Determining the precise age and duration of magmatism of the Bushveld Complex, South Africa, the world’s largest layered intrusion, has been a longstanding problem. Mafic layered intrusions are typically assumed to represent simple stratigraphic successions of cumulates without significant time gaps between units. We have determined high-precision U-Pb zircon ages using the chemical abrasion-ID-TIMS technique, with EARTHTIME tracers and synthetic solutions, for 12 samples covering the entire stratigraphic sequence of the 8 km-thick Bushveld Complex. These dates establish a 5 million year record of magmatism and reveal the presence of distinct stratigraphic time gaps and non-stratigraphic ages. Based on zircon crystallization ages for samples in the Upper Critical Zone, including two different pyroxenites from beneath the PGE-rich UG2 chromitite and the Bastard Reef just below the Main Zone contact, the earliest phases of Bushveld magmatism occurred at ca. 2059-2060 Ma, coeval with the nearby ca. 2060 Ma Phalaborwa carbonatite.

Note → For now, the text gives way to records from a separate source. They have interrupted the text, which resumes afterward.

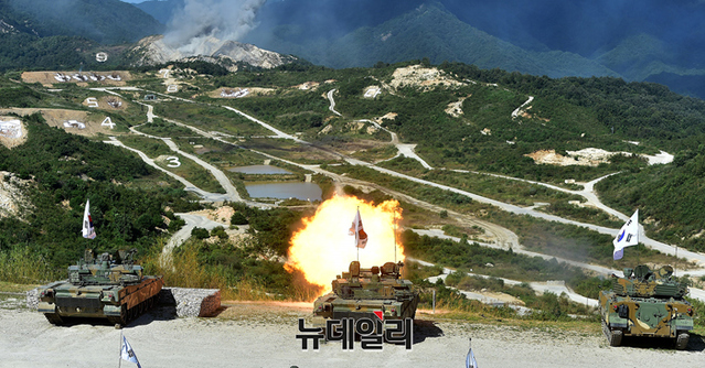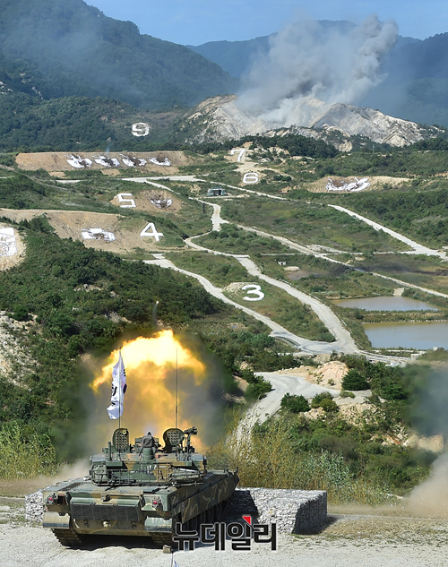 우리 육군이 20일 오후 경기 포천시 승진과학화훈련장에서 대규모 기동화력 훈련 현장을 공개한 가운데 K-2 흑표 전차가 발포하고 있다.이번 훈련 공개는 21일부터 일산 킨텍스에서 열리는 '대한민국 방위산업전시회(DX KOREA 2022)' 사전 행사의 일환으로 진행됐다.육군이 기동화력 시범을 재개한 것은 2018년 이후 4년 만이다. 유·무인 복합전투체계 아미타이거를 적용한 대규모 기동화력 시범을 선보인 것은 이번이 처음이다.박정환 육군참모총장 주관으로 열린 행사에는 해외 25개국 장성급 인사를 비롯한 국방 관료 및 방위산업 관계자, 주한대사, 국방무관, 국회 관계자, 일반 국민 등 1,800여 명이 참석했다. (경기 포천=정상윤 기자)
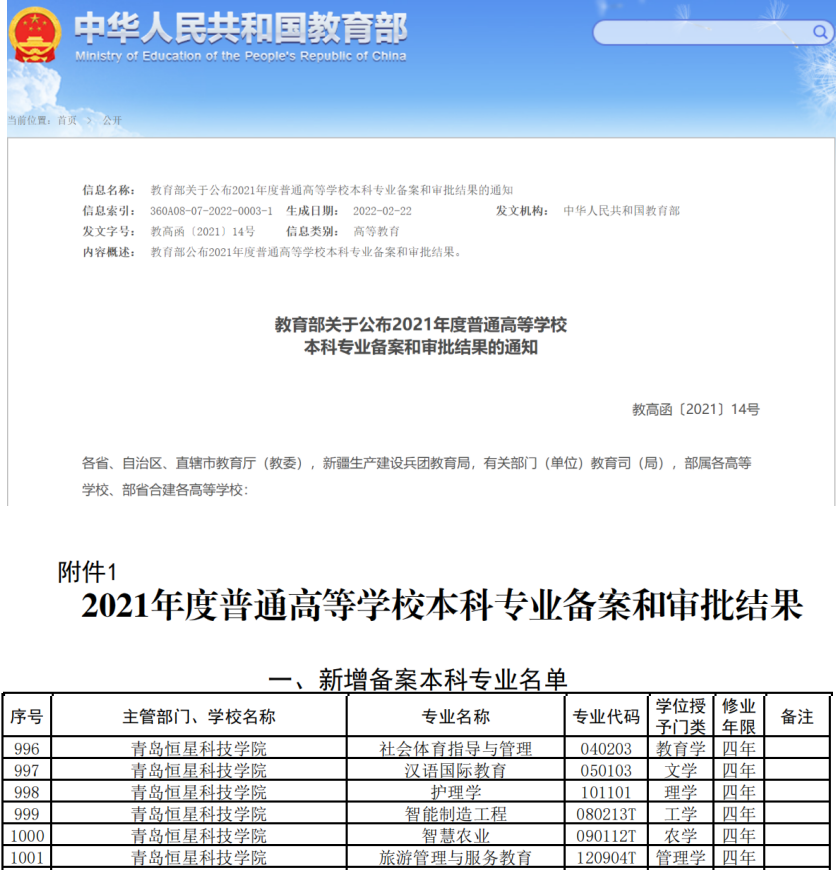 近日,教育部公发了《教育部关于公布2021年度普通高等学校本科专业备案和审批结果的通知》(教高函〔2021〕14号),青岛恒星科技学院申报的社会体育指导与管理、汉语国际教育、护理学、智能制造工程、智慧农业、旅游管理与服务教育6个本科专业获批增设。至此,我校2022年本科招生专业总数达40个。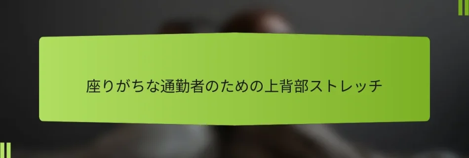 座りがちな通勤者にとって、上背部の痛みは長時間の座位や悪い姿勢から生じることが多く、筋肉の緊張や不快感を引き起こします。定期的に上背部をストレッチすることで、この緊張を和らげ、姿勢を改善し、全体的な健康を向上させることができるため、長時間運転したりデスクに座ったりする人にとって重要な習慣となります。 座りがちな通勤者における上背部痛の一般的な原因は何ですか? 座りがちな通勤者の上背部痛は、長時間の座位、悪い姿勢、ストレスから生じることが多いです。これらの要因は、特に上背部の筋肉に緊張や不快感を引き起こすため、その影響を理解し、効果的な緩和策を見つけることが重要です。 長時間の座位が上背部の筋肉に与える影響 長時間の座位は上背部の筋肉を著しく弱め、不快感や痛みを引き起こす可能性があります。長時間座っていると、筋肉が硬くなり柔軟性を失い、緊張や痛みが悪化することがあります。 さらに、座っていると脊椎が圧迫され、上背部の筋肉や靭帯に負担がかかります。この圧迫は痛みの悪循環を引き起こす可能性があり、不快感が動きを妨げ、筋肉をさらに弱めることになります。 これらの影響を軽減するためには、定期的に休憩を取り、ストレッチを日常に取り入れることが重要です。毎時間数分間立ったり歩いたりして血流を促進し、筋肉の緊張を和らげることを目指しましょう。 通勤に関連する姿勢の問題 通勤中の悪い姿勢は、上背部痛の一般的な要因です。多くの通勤者は、特にモバイルデバイスやノートパソコンを使用しているときに、猫背になったり前かがみになったりします。この姿勢は上背部の筋肉や脊椎に過度なストレスをかけます。 中立的な脊椎の位置を維持することは、負担を軽減するために重要です。座っているときは、背中がサポートされ、肩がリラックスしていることを確認してください。座席を調整したり、腰のサポートを使用したりすることで、通勤中の正しい姿勢を維持するのに役立ちます。 座っているときだけでなく、立っているときや歩いているときにも姿勢に気を付けましょう。定期的に自分の体を確認することで、良い習慣を強化し、不快感を防ぐことができます。 ストレスと緊張が上背部に与える影響 ストレスや緊張は上背部に身体的に現れ、緊張や痛みを引き起こすことがあります。ストレスを感じているとき、人は無意識に肩や背中の筋肉を緊張させることが多く、これが時間の経過とともに不快感を生むことがあります。 深呼吸、瞑想、ヨガなどのリラクゼーション技術を取り入れることで、この緊張を和らげることができます。これらの実践はリラクゼーションを促進し、ストレスに関連する身体的症状を軽減することができます。 さらに、定期的な身体活動はストレスレベルを管理し、全体的な筋肉の健康を改善するのに役立ちます。ウォーキングや水泳など、身体的および精神的な健康を促進する活動を目指しましょう。 座りがちなライフスタイルと上背部の不快感の関連性 座りがちなライフスタイルは上背部の不快感と密接に関連しています。動かないことは筋肉を弱め、柔軟性を低下させ、上背部が痛みに対してより敏感になります。 定期的な運動は筋肉の強さと柔軟性を維持するために重要です。上背部をターゲットにした運動、例えばレジスタンストレーニングや水泳を取り入れて、筋力を高め、不快感を軽減しましょう。 エレベーターの代わりに階段を使ったり、休憩中に短い散歩をしたりするなどの簡単な変更でも、よりアクティブなライフスタイルに貢献し、上背部の痛みを和らげることができます。 上背部痛におけるエルゴノミクスの役割 エルゴノミクスは通勤者の上背部痛を予防する上で重要な役割を果たします。適切な作業環境の設定や座席の配置は、上背部への負担を大幅に軽減することができます。 椅子が腰をサポートし、コンピュータの画面が目の高さにあることを確認して、中立的な脊椎の姿勢を維持しましょう。キーボードトレイやフットレストなどのエルゴノミクスアクセサリーを使用することも、長時間の通勤中の快適さを向上させるのに役立ちます。 車内や公共交通機関での通勤環境を定期的に評価し、潜在的なエルゴノミクスの改善点を特定しましょう。小さな調整でも、時間の経過とともに上背部の不快感を大幅に軽減することができます。 上背部のストレッチは通勤者の不快感をどのように和らげることができますか? 上背部のストレッチは、筋肉の緊張を軽減し、姿勢を改善することで、通勤者の不快感を大幅に和らげることができます。定期的なストレッチは血液循環を促進し、柔軟性を高め、長期的な痛みの緩和につながります。 筋肉の緩和におけるストレッチのメカニズム ストレッチは筋肉繊維を伸ばすことで機能し、蓄積された緊張を解放します。筋肉が伸ばされると、リラックスし、長時間座った後にしばしば感じる緊張や不快感が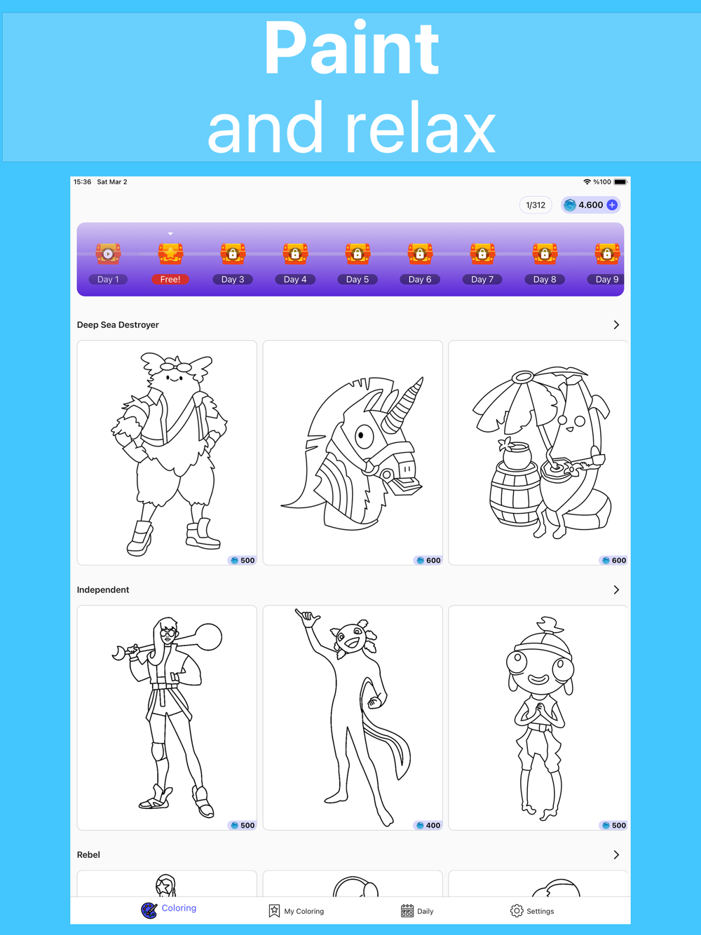 You can color each content for coloring book with many different palettes for painting. Have fun with coloring drawings while using ColorNite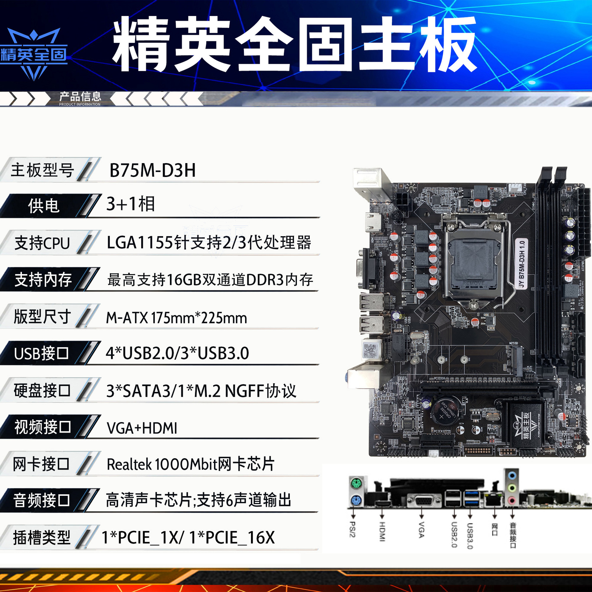 엘리트 풀 솔리드 B75M-D3H DDR3 메모리 1155핀 데스크탑 마더보드는 2세대 및 3세대 CPU를 지원합니다.스토어 가기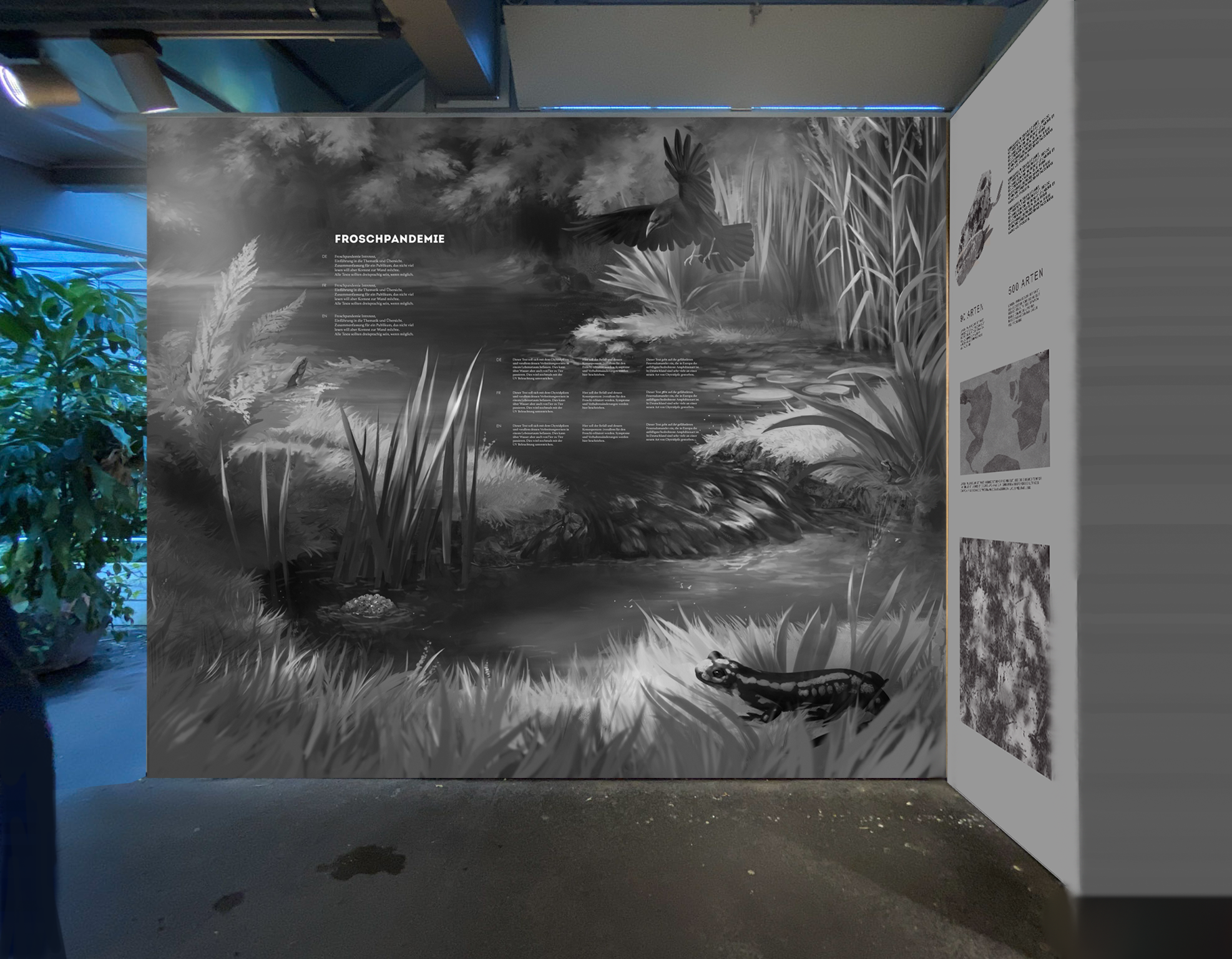 This is a concept for the renovation of the exotarium in the Zurich Zoo, done in cooperation with the Zoo’s department of education in 2020. It explains the spread and impact of the Chytridfungus, which is currently one of the biggest threats to amphibians. Some species have become endangered, while others have gone extinct due to wide-spread infection of the fungi. Unfortunately this is a global issue and can therefore be found in local swiss amphibians as well.
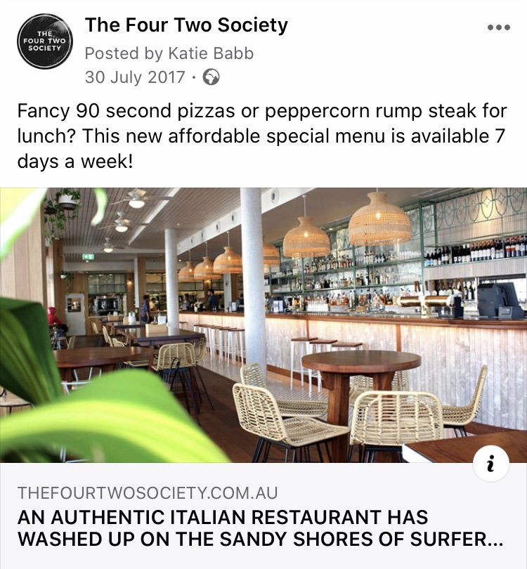 Whilst working for the Four Two Society magazine in Gold Coast, Australia, I was definitely living the dream by being employed to visit and critique new restaurants, bars and Cafes writing up reviews and being able to take my own photographs to support my features. I very quickly became one of the biggest contributors and a trusted go to for the magazine with my number of articles doubling and being given additional duties including writing all online articles, controlling the social media accounts and heading my own Health and Wellbeing section. I also attended all the press and media events networking on behalf of the magazine acting as the face of the company to build a bigger client base.I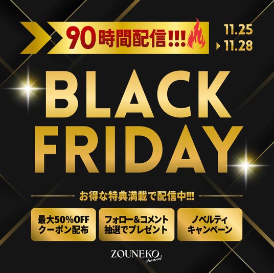 ブラックフライデー期間中は「ぞうねこちゃんねる」より、最大50%オフクーポンを配布。いつどのタイミングでクーポンを配布されるのかは当日のお楽しみ!見逃せない90時間!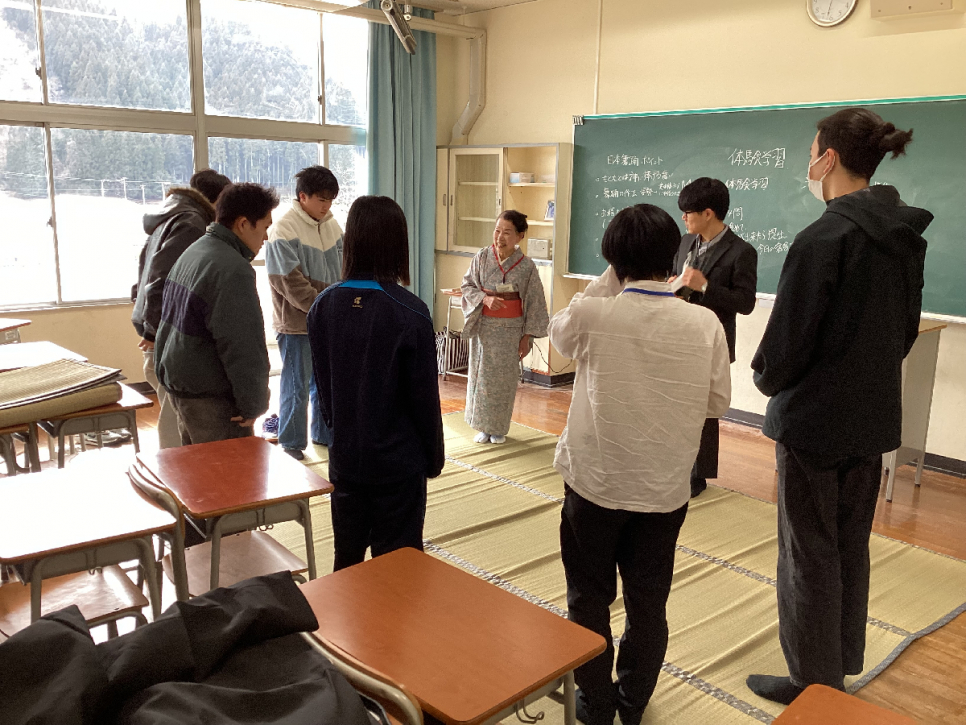 体験授業での伝統工芸や日本舞踊、体育の授業など、養父校ならではの授業に生徒たちもしっかりと取り組んでいました。

A pyroxenite from the Lower Critical Zone and two samples of the PGE-rich Merensky Reef (Western and Eastern Lobes) near the top of the Upper Critical Zone are identical in age at ca. 2057 Ma (age revised from [1]), indicating that the Merensky Reef was emplaced into pre-existing and solidified cumulates of the Upper Critical Zone. The most voluminous magmatic episode in the Bushveld Complex occurred in the interval of 2055-2056 Ma, including a harzburgite from the Lower Zone and a norite from the lowermost Main Zone (“Tennis Ball Marker”) at ca. 2056 Ma, and an Upper Zone gabbro ~50 m below the roof and various felsic roof rocks at ca. 2055 Ma. These dates support the proposal that some of the overlying Rooiberg Group felsites and related granophyres are fractional crystallization products of Bushveld mafic liquids [2]. The U-Pb geochronological results for the Bushveld Complex, combined with on-going results from the Stillwater Complex, indicate that distinct time gaps and non-stratigraphic ages may well be typical of major mafic layered intrusions formed under open-system processes.

[1] Scoates and Friedman (2008) Economic Geology 103:465–471; [2] Mathez, VanTongeren, and Schweitzer (2013) Contributions to Mineralogy and Petrology 166:435–449.